Start of Data for analysis

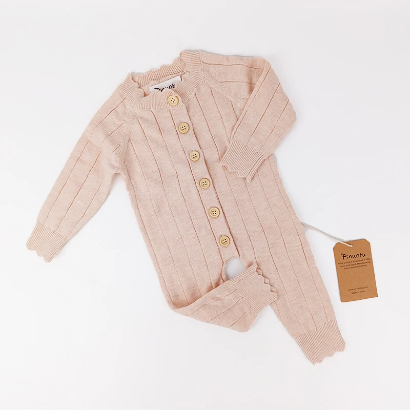 Pinuotu Long Sleeve Warm Baby Rompers Rib Gots Sweater Romper for Baby Knitted Clothes Winter Cotton Jumpsuit 3-6 Months
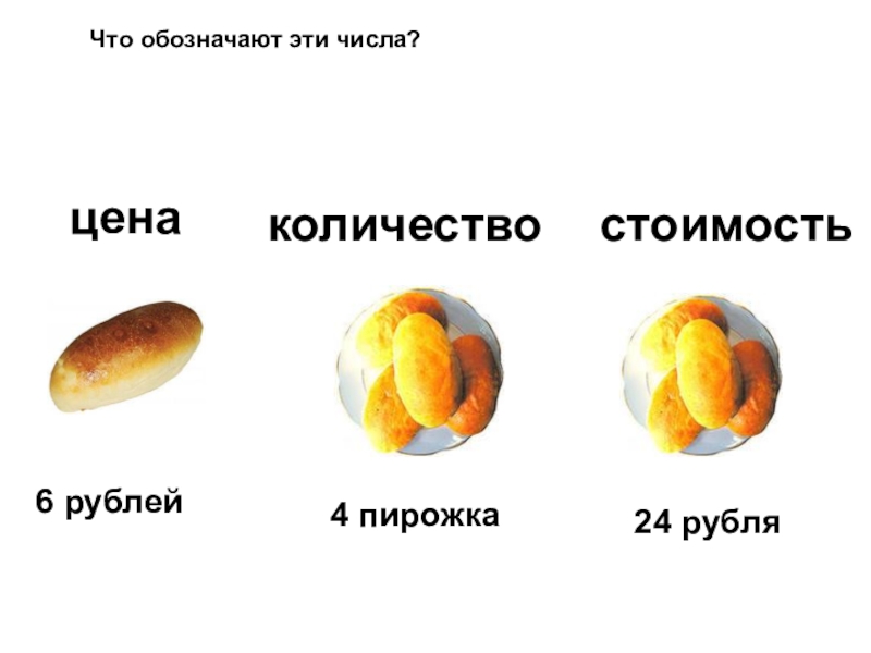 4 пирожка24 рубляЧто обозначают эти числа?ценаколичествостоимость6 рублей
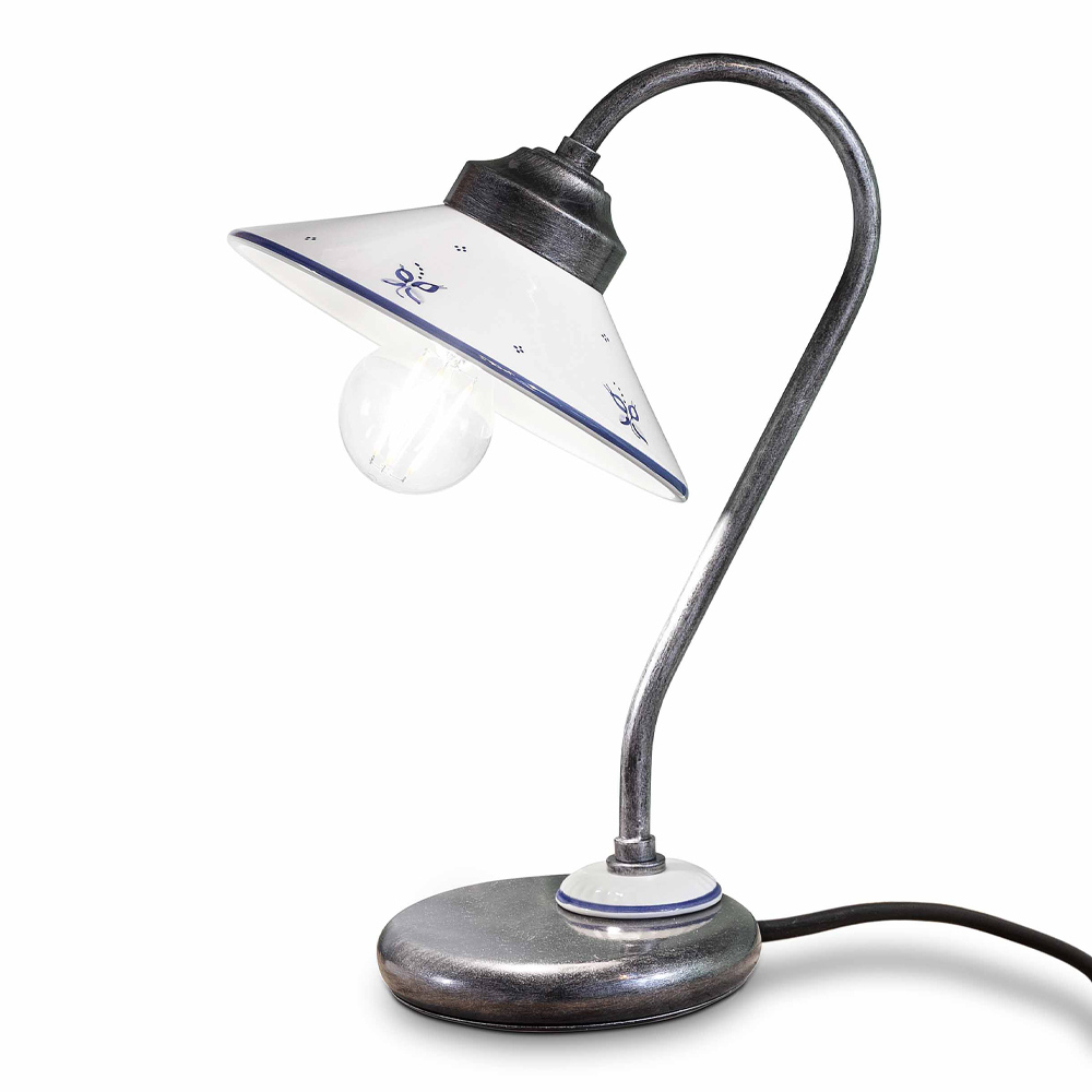 Lampa de masa vintage din fier si ceramica pictata manual realizata in Italia de Ferroluce.
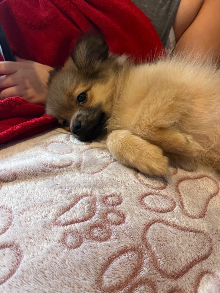 I'm selling my 9-week-old Pomeranian because my landlord doesn't allow dogs in the house, so I'm selling her. She's already had two vaccinations, and I bought her a week ago.
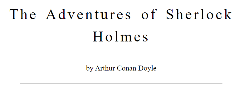 Örnek olarak, Arthur Conan Doyle tarafından yazılan The Adventures of Sherlock Holmes kitabının HTML sürümünün aşağıdaki kısmını oluşturalım.
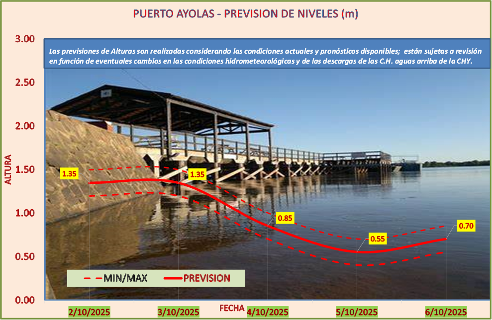 Las previsiones de Alturas son realizadas considerando las condiciones actuales y pronósticos disponibles y están sujetas a revisión en función de eventuales cambios en las condiciones hidrometeorológicas y de las descargas de las C.H. aguas arriba de la CHY.
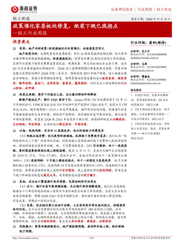 【浙商证券】【20221114】20221114-浙商证券-轻工行业周报:政策催化家居板块修复,纸浆下跌已现拐点-26页
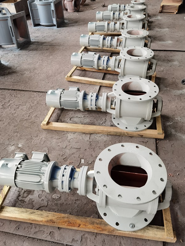 星型卸灰阀依靠物料的重力作用及给料机工作机构的强制作用,将仓内的物料卸出并连续均匀地喂入下一装置中去。星型卸灰阀主要由电机、减速机、壳体、叶轮、主轴、轴承、左右端盖组成。采用钢板焊接结构,叶片性强,集传动装置、传动轴、叶片联为一体。由于星型卸灰阀的轴承和减速机都是向外凸出,能够避免粉尘挤进轴承和大颗粒物料卡死现象。工作时由减速电机通过联轴带动叶轮转动,把壳体上部的物料均匀带到下部,由下一个装置把物料送走。所以,星型卸灰阀只能直立安装,而不允许水平安装,给料机的上部要保持 的料柱。
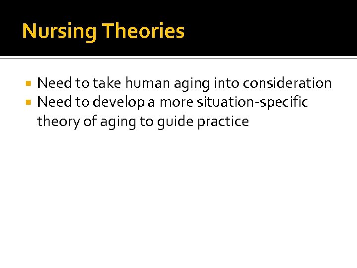 Nursing Theories Need to take human aging into consideration Need to develop a more situation-specific theory of aging to guide practice
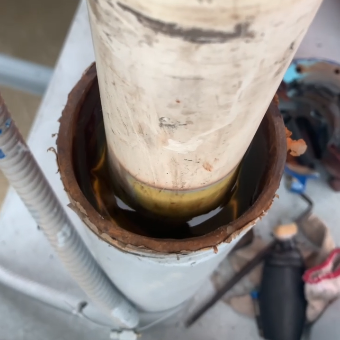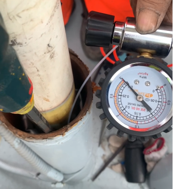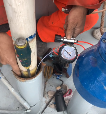安裝后密封效果測試:對豎拉桿套管內倒水,未見漏水氣泡和水位下降,密封有效。見下圖
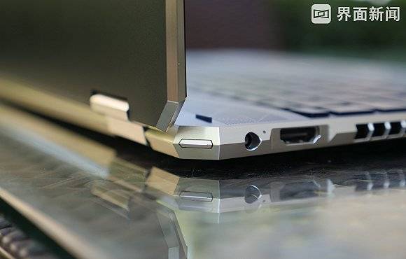 值得留意的细节是,Spectre x360 15可触控变形本的电源按键,内嵌在了笔记本左上角的边框内,同样采用了上下切割的造型,对应了整机的设计语言。而相比起常规的黑灰色搭配,摩卡黑金配色也为整机增添了质感。
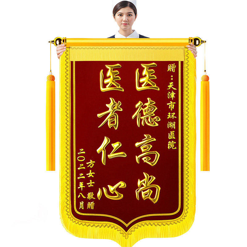 锦旗定做定制感谢服务赠送幼儿园老师医生民警月嫂生日搞笑物业装修美容院驾校教练高档金丝绒旌旗订做制作

End of Data for analysis

Out of the records above, set down only the lines from the one that contains "星型卸灰阀依靠物料的重力作用" through the one that contains "安裝后密封效果測試:對豎拉桿套管內倒水,未見漏水氣泡和水位下降,密封有效。見下圖", unchanged and without the pictures.

 星型卸灰阀依靠物料的重力作用及给料机工作机构的强制作用,将仓内的物料卸出并连续均匀地喂入下一装置中去。星型卸灰阀主要由电机、减速机、壳体、叶轮、主轴、轴承、左右端盖组成。采用钢板焊接结构,叶片性强,集传动装置、传动轴、叶片联为一体。由于星型卸灰阀的轴承和减速机都是向外凸出,能够避免粉尘挤进轴承和大颗粒物料卡死现象。工作时由减速电机通过联轴带动叶轮转动,把壳体上部的物料均匀带到下部,由下一个装置把物料送走。所以,星型卸灰阀只能直立安装,而不允许水平安装,给料机的上部要保持 的料柱。
 Nursing Theories Need to take human aging into consideration Need to develop a more situation-specific theory of aging to guide practice
安裝后密封效果測試:對豎拉桿套管內倒水,未見漏水氣泡和水位下降,密封有效。見下圖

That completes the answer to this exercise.